I have another RabbitMQ cluster with just a single node also running v3.8.27
and there the Prometheus exporter works fine with no errors in the logs.
Thanks, I tried to restart one of three nodes, but that didn't solve it – I see the same error after a clean start. I've also tried disabling and then enabling the
rabbitmq_prometheus
plugin but that had no effect either.I have another RabbitMQ cluster with just a single node also running
v3.8.27
and there the Prometheus exporter works fine with no errors in the logs.
My RabbitMQ is v3.9.5, 3 out of 4 servers have this problem, and I tried restart one of the service and the problem gone. I do tried other method than using Prometheus. Like using rabbitmq_cloudwatch_exporter, it requires service restart and can do the job. Used rabbitmq_exporter, too, and it crushed at certain time.
Thanks, I tried to restart one of three nodes, but that didn't solve it – I see the same error after a clean start. I've also tried disabling and then enabling the
rabbitmq_prometheus
plugin but that had no effect either.I have another RabbitMQ cluster with just a single node also running
v3.8.27
and there the Prometheus exporter works fine with no errors in the logs.
Since the problem is from get_memory_usage()
this function, I tried to disable it but since lack of knowledge of erlang, I haven`t figured out how.
Hello, does anyone have a fix for this ? We did restart the broker one by one on our cluster, and it is still loggin a huge amount of log because of that.... it is really polluting the logs.

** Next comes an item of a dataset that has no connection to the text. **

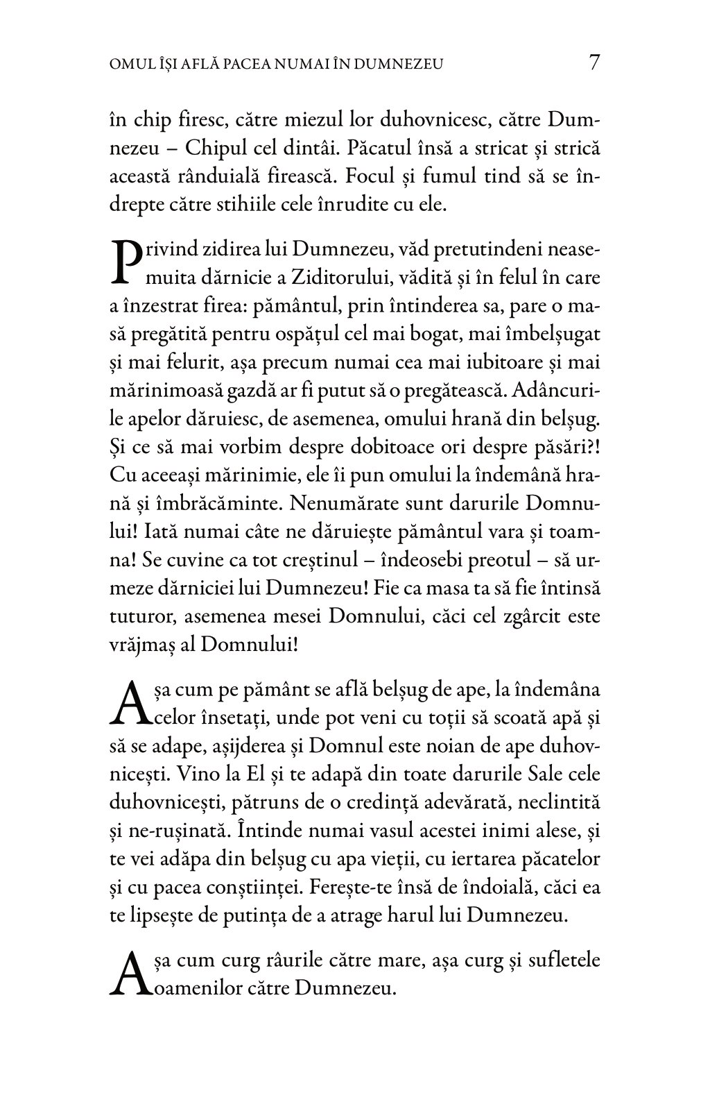 Lumea cea duhovnicească își are izvorul în Duhul lui Dumnezeu și se deosebește precum cerul de pământ de lumea cărnii, a trupului. Este o lume cerească, zidită ca noi să dobândim în ea fericirea. „Pace vouă!”, le grăia Domnul adesea ucenicilor Săi, dăruindu‑le pacea Sa, iar apostolii propovăduiau credincioșilor pacea lui Dumnezeu, urându‑le să se bucure de pacea lui Dumnezeu ca de darul cel mai de preț, tocmai pentru că ea, această pace, este viața sufletului și mărturisește unirea sufletului nostru cu Dumnezeu. Dacă sufletul nu are pace, se tulbură – tulburarea fiind proprie tuturor stărilor celor pătimașe –, aceasta vădind totodată faptul că întru el se înstăpânește moartea duhovnicească, căci în inima noastră lucrează vrăjmașul mântuirii.
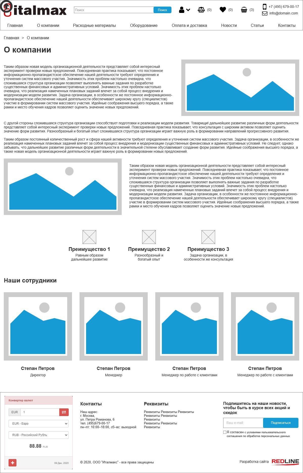 На странице о компании были созданы блоки с текстовой информацией, блок с преимуществами и блок с сотрудниками компании, информация о которых отображается при наведении курсора мыши на интересующего сотрудника.

Is there a know procedure to execute to fix it ? Thx
Can someone please open a ticket against RabbitMQ instead? https://github.com/rabbitmq/rabbitmq-server
actually there is a thread discussing the issue here : https://groups.google.com/g/rabbitmq-users/c/JXF8ryEqvyk/m/4L4xiklXAwAJ
and they suggest to point back to this github as it is related to prometheus collector....

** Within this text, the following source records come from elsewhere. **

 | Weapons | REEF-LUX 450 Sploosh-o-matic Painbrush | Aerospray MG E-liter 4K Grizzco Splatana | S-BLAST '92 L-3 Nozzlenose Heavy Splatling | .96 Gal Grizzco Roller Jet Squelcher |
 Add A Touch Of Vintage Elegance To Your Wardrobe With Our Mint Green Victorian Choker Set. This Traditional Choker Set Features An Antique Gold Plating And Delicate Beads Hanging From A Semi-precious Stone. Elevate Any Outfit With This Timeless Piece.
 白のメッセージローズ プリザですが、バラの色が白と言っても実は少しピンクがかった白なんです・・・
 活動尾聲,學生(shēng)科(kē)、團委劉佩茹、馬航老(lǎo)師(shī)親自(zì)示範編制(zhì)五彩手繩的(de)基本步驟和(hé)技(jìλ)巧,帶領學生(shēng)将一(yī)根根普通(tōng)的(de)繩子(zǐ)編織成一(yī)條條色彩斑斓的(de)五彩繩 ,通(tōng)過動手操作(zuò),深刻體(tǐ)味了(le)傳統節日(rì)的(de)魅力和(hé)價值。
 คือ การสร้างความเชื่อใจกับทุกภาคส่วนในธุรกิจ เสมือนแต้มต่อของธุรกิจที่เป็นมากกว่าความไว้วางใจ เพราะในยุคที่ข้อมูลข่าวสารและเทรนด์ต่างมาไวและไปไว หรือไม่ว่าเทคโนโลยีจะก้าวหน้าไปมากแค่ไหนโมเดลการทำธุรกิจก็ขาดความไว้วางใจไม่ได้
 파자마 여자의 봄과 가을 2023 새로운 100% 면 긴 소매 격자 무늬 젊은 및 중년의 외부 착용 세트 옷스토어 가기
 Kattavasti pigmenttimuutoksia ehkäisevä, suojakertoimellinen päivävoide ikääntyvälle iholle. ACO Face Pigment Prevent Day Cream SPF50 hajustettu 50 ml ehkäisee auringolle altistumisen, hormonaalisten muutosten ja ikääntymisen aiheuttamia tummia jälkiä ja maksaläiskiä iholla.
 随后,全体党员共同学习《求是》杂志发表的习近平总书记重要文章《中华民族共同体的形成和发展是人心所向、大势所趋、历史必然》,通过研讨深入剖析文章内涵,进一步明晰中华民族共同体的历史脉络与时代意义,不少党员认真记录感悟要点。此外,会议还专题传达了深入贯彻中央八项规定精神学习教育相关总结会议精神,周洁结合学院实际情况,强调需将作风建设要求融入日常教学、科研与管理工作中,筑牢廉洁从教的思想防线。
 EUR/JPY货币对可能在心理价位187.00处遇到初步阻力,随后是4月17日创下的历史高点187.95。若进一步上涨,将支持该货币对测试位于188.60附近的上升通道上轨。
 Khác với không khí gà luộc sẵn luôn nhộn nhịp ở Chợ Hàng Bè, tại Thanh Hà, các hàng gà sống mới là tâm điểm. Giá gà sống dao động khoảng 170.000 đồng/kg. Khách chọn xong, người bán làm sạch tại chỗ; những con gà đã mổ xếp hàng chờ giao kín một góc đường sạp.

we are circling around with no solution so far.
Fine, let me see what I can do tomorrow. cc @lhoguin
I have opened https://github.com/erlang/otp/issues/5830 to figure out if that's normal. If it is the fix is very simple.
If you need more info to know how to reproduce, lets us know. Currently, my only way to fix it, is to completly stop my RabbitMQ cluster, and only then start.

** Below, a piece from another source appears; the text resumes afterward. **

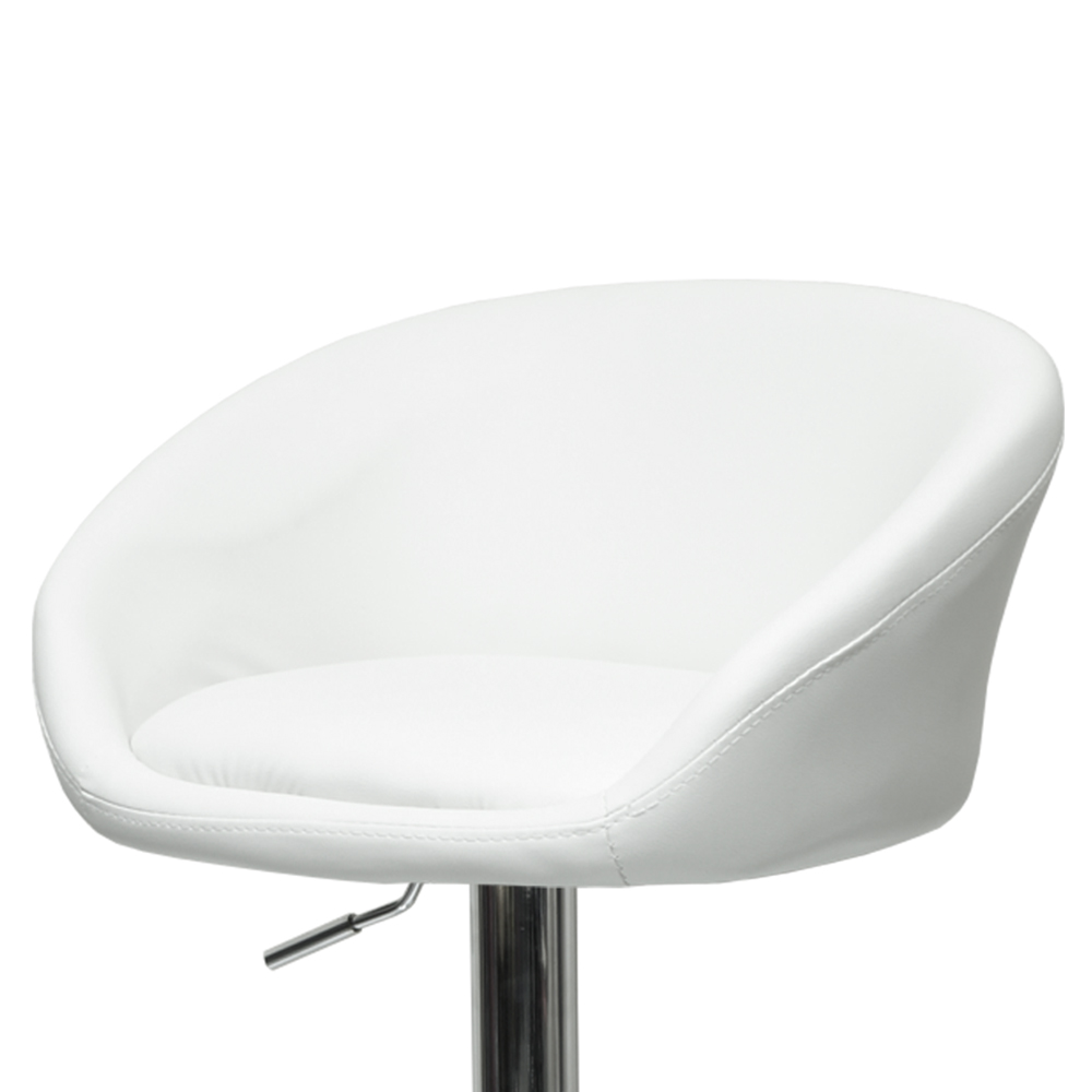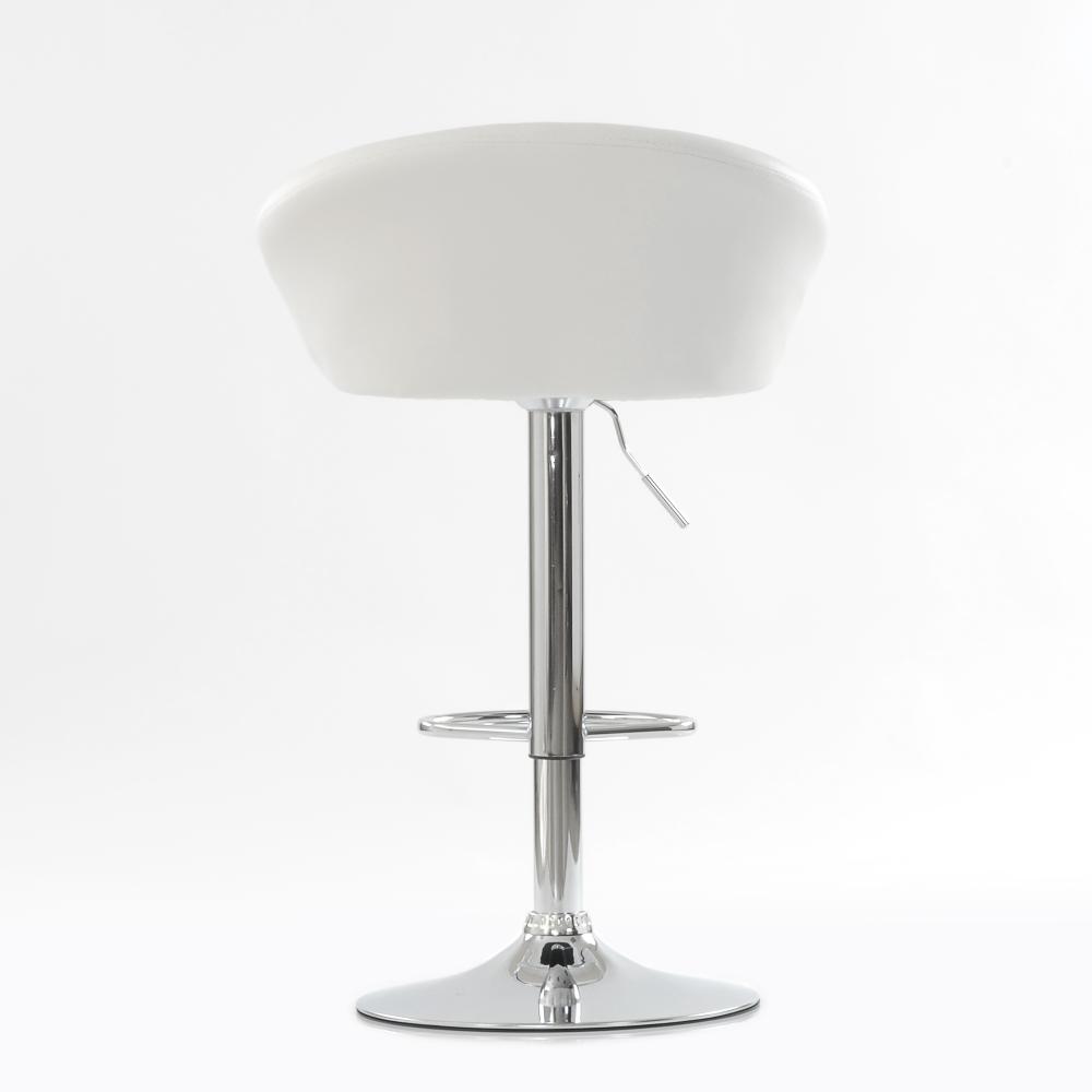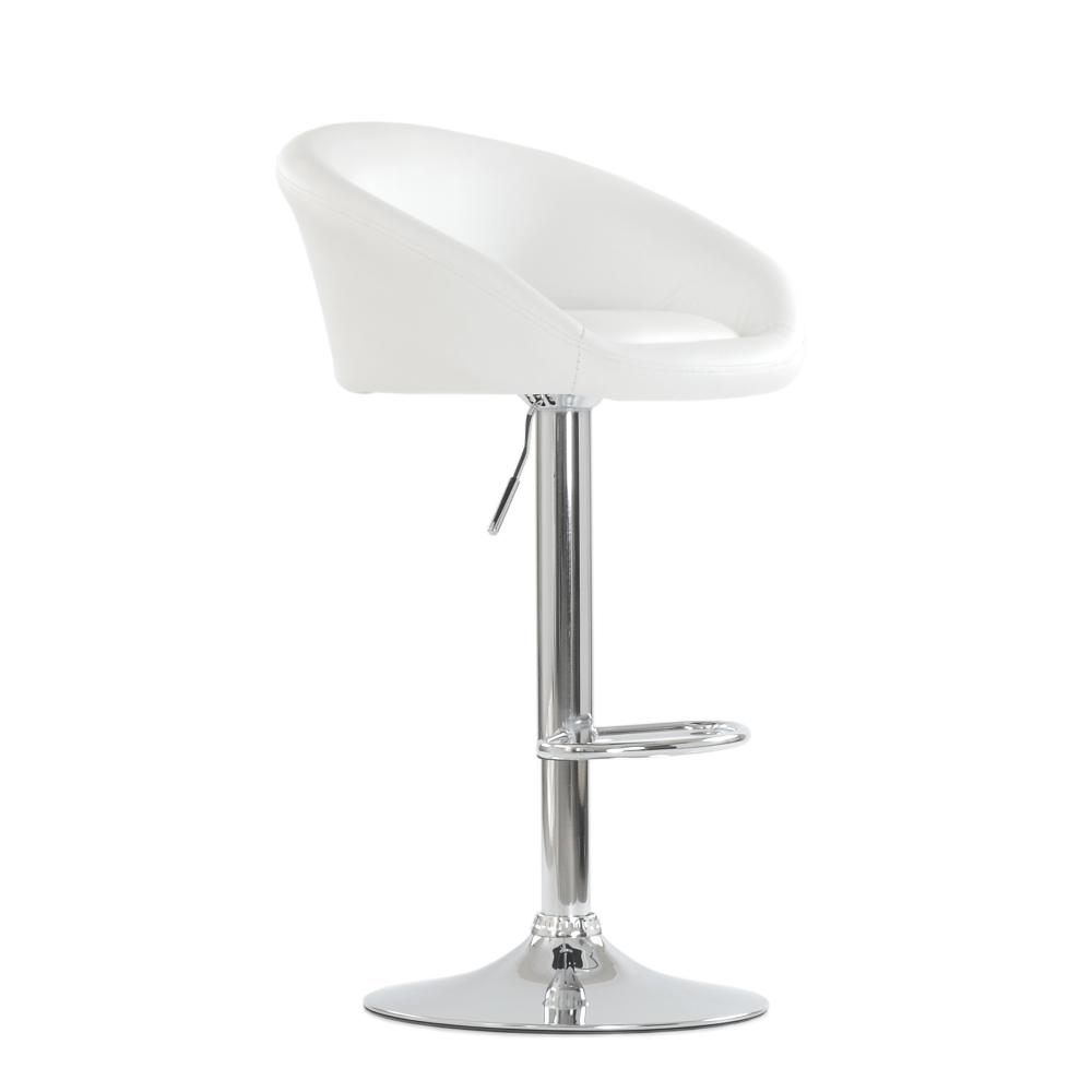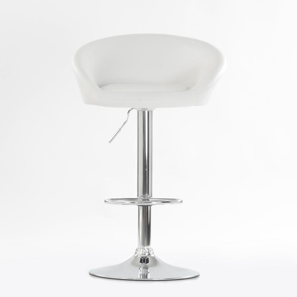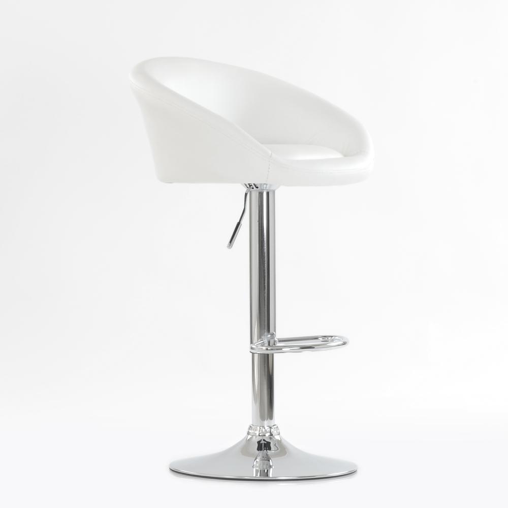 Удобный мягкий барный стул без подлокотников. Металлические элементы покрыты блестящим хромом.

I have opened https://github.com/deadtrickster/prometheus.erl/pull/140 with a fix.
released as 4.8.2
thanks for all the action there... My next question is : how can I test that new code/release with RabbitMQ code ? any pointer ? thx
Hello! I have opened https://github.com/rabbitmq/rabbitmq-server/pull/4376 that upgrades Prometheus.erl to 4.8.2.
How to test depends on how you run RabbitMQ. You can always build RabbitMQ from this branch directly in any case.
Building the plugin on Erlang 23 or 24, replacing it in the plugins
directory and restarting the node on Erlang 24 would do. No need to build the entire distribution ;)
Gotcha! Thanks.
If you need a Docker image you can find them at https://hub.docker.com/r/pivotalrabbitmq/rabbitmq/tags?page=1&name=loic-update-prometheus but it will run the most recent RabbitMQ code.
Here is a build of this plugin with a fix: prometheus-4.8.2.ez.zip. It's a .zip only because GitHub does not allow for .ez files. Uncompress it and replace the prometheus .ez you will find in the plugins directory of your installation.
Then run any tests you need to run.
If we do not get any feedback on this by next week, we will proceed with merging rabbitmq/rabbitmq-server#4376 and consider this done.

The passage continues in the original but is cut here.